Michael Dunn found guilty of
Michael Dunn convicted of three charges of attempted murder.

Unlike the 33 law students who I previously wrote about, I imagine the greatest challenge of attending law school being learning how to translate seemingly pedantic words into judicial significance. To that end, while the attempted murder conviction in the Michael Dunn trial for the three boys who managed to live makes sense, it doesn’t make sense, to me, that there could be a mistrial regarding the actual fact that Jordan Davis is dead from the bullets Dunn fired.  It’s not clear to me how a man who claims he initiated a confrontation over the volume of the “thug music” that Jordan Davis and his friends were listening too, who believes the teens reached for a gun, and then in response claims to have then reached into his glove compartment and fired ten times before the armed teens fired a single shot, isn’t found guilty of deliberately and willfully killing someone.

Poor use of language underscores one of my many frustrations regarding both the George Zimmerman trial and the Michael Dunn trial. According to Juror B-37 in the Zimmerman case, Trayvon Martin “played a huge role in his death.” Continuing with this foolishness, Juror B-37 tells Anderson Cooper:

“He could have…When George confronted him, and he could have walked away and gone home.
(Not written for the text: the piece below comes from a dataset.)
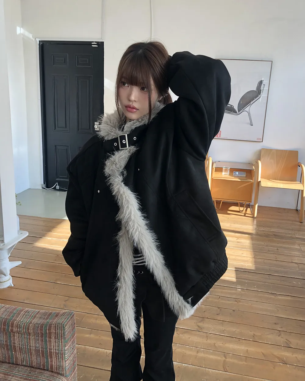 着用 : グレー / FREE,ブラック / FREE
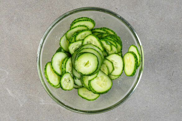 Die Zitronenschale abreiben, dann die Zitrone halbieren und auspressen. Die Gurke in dünne Scheiben schneiden und mit 2EL Zitronensaft, 1TL Honig und ½TL Salz vermengen.

He didn’t have to come back and do whatever he did and come back and fight.”

It never occurs to this woman that “George” was not entitled to confront Martin or that Trayvon Martin would have just “walked away and gone home” if “George” had not prevented him from doing so. Neither does she consider that the story of Martin “[coming] back and [doing] whatever he did” is Zimmerman’s account of how he murdered Trayvon Martin. This woman merely assumes Zimmerman’s credibility rather than requiring that he earn it. Juror B-37 is so inarticulate that one has to understand how systems of domination inform her remarks for them to be intelligible. For example, every individual plays a “huge” role in their death; without you first having life, you cannot meet your own death–you have to live to die. Martin left his home to purchase snacks, he didn’t plan to get himself killed by a stranger. He wanted to go home and was in fact heading there until George Zimmerman lethally ended his trip. The scenario Juror B-37 constructs only makes sense if black people are always responsible for what white people think of them; that black people should feel compelled to account for their whereabouts to any white person at anytime and in anyplace; that black people cannot feel threatened, and if they do, they can’t defend themselves.
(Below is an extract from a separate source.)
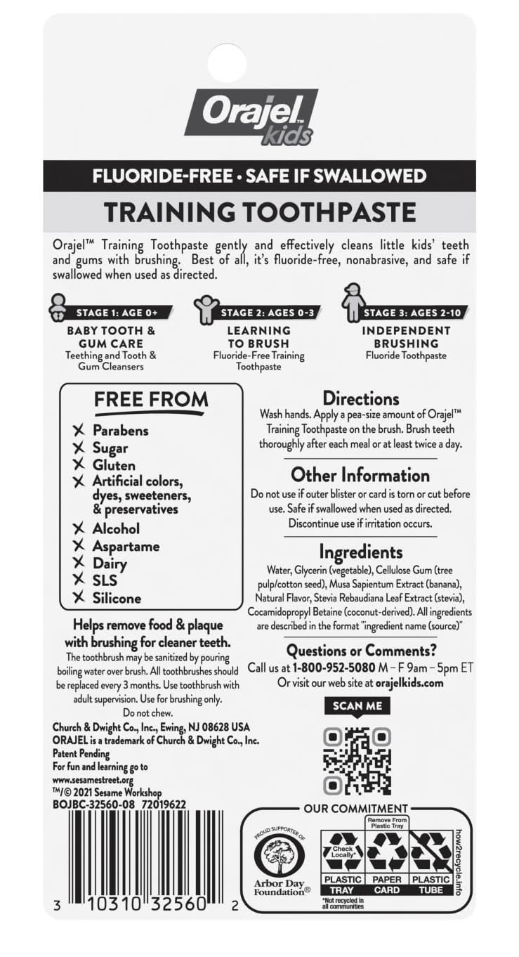 Teaching your little one to brush their teeth takes practice, which is why the Orajel Kids Elmo combo pack is the perfect way to begin a brushing routine! Our kid-sized toothbrush and training toothpaste help gently and effectively clean little kid’s teeth and gums while brushing. Best of all, our training toothpaste is fluoride-free, nonabrasive, and safe if swallowed when used as directed. With 100% naturally sourced ingredients and a great natural banana apple flavor, parents trust Orajel Kids Elmo Fluoride-Free Toothpaste to help their children establish healthy oral care habits. From first tooth to full smile, Orajel has you covered. Proud to be the #1 Pediatrician Recommended Fluoride-Free Toothpaste*. *among those who recommend a brand • Church & Dwight Co., Inc., Ewing, NJ, 08628, USA • Packaging: Reusable

Now, according to Juror B-37’s logic, Michael Dunn “could have [driven] away and gone home.” Dunn didn’t live next door to those teenagers, they were all in cars so why couldn’t he have just driven away? So in this scenario, Juror B-37 is on to something, but in this case, Dunn driving away and moving beyond the situation seems meaningless. Moreover, just like Juror B-37, the Assistant State Attorney, John Guy, assumes that what the perpetrator alleges, accurately and honestly conveys what Davis said or didn’t say. Thus, Guy’s claim that Jordan Davis “didn’t have a weapon, he had a big mouth” ignores the fact that the defendant, Dunn, might just lack credibility. It’s not clear to me that Davis “had a big mouth.” What exactly makes Michael Dunn credible? This is a man who felt entitled to tell strangers in another vehicle how loud they were allowed to play music that he dislikes, who wounded three teenagers and killed one, and who then goes to a hotel with his girlfriend and orders pizza?!

With the verdict, both the State Attorney, Angela Corey, and Dunn’s attorney, Cory Strolla, plan to fight the verdict. We can only pray that they plan on leaving their guns at home.